Jetzt sei die Zeit gekommen, national, europäisch und global voranzukommen – vom Klimavertrag von Paris über die nachhaltigen Entwicklungsziele der UNO bis hin zur neuen EU-Kommissionspräsidentin Ursula von der Leyen mit dem Konzept des „Green Deal“ in der Europäischen Union führten die Zeichen hin zu mehr Nachhaltigkeit, so Riegler.

Josef Riegler:

Der 1938 in Judenburg geborene Josef Riegler war Umweltlandesrat in der Steiermark und später Umwelt- und Landwirtschaftsminister und Vizekanzler. Bereits 1989 hat die ÖVP auf seine Initiative hin die ÖVP beim Bundesparteitag erstmals über die „Ökosoziale Marktwirtschaft“ diskutiert und das Modell später auch in ihr Parteiprogramm aufgenommen.

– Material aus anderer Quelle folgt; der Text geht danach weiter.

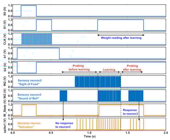 As seen, the time from 0 to 0.6 s represents the initial configuration period of the network prior to experimentation. X0 and X1 are outputs from the row decoder that select the desired synapses in the network as configurations, while CLK, b1 and b2 are configuration signals used to set the attribute and initial weights of the selected synapses (see Section 2.3 for details). Here, the chosen synapses were configured as excitatory through b1. The initial weight of the synapse connected to sensory neuron 2 was set to high by b2 at 0.1–0.3 s, while the synapse connected to sensory neuron 3 was set to low by b2 at 0.3–0.5 s. For sensory neurons 2 and 3, there is the same input stimulus as for the Poisson spike trains at 300 Hz. Before learning, the “salivation” neuron only responded to stimuli from the “Sight of Food” neuron 2. By co-stimulating “Sight of Food” neuron 2 and “Sound of Bell” neuron 3, the synapse between neuron 3 and the decision neuron was potentiated with the SDSP learning algorithm. After learning, when the stimulus from the “Sound of Bell” neuron 3 was used alone, the “salivation” neuron was excited and responded to neuron 3, thus establishing an association between the conditioned (“Sight of Food” neuron 2) and unconditioned (“Sound of bell” neuron 3) stimuli. The weight variation of associative learning was monitored in real-time and recorded as the W_State signal.

Bereits Ende der 1980er Jahre sei Österreich in verschiedensten Bereichen Vorreiter gewesen: „Wir waren zum Beispiel die ersten, die eine Katalysatorpflicht eingeführt haben – sind dann aber abgedriftet in den hinteren Bereich. Jetzt geht es darum, wieder Vorreiter, Impulsgeber, Initiator zu sein. Auch in der europäischen Politik.“

Umschichtung der Steuern als Lösung

Im ÖVP-Programm sei die Ökosoziale Marktwirtschaft seit 1994, in jenem der Grünen seit den späten 90er Jahren verankert. Bei der nun dringenden Umsetzung gehe es vor allem darum, Umwelt- und Klimaschutz durch marktwirtschaftliche Instrumente zu erreichen: „Ökologische Kostenwahrheit, Verursacherprinzip und ein intelligenter Umbau von Steuerabgaben und Förderugen“, listet Riegler die wichtigsten Maßnahmen der Ökosozialen Steuerreform auf, die die Regierung nun durchsetzen will.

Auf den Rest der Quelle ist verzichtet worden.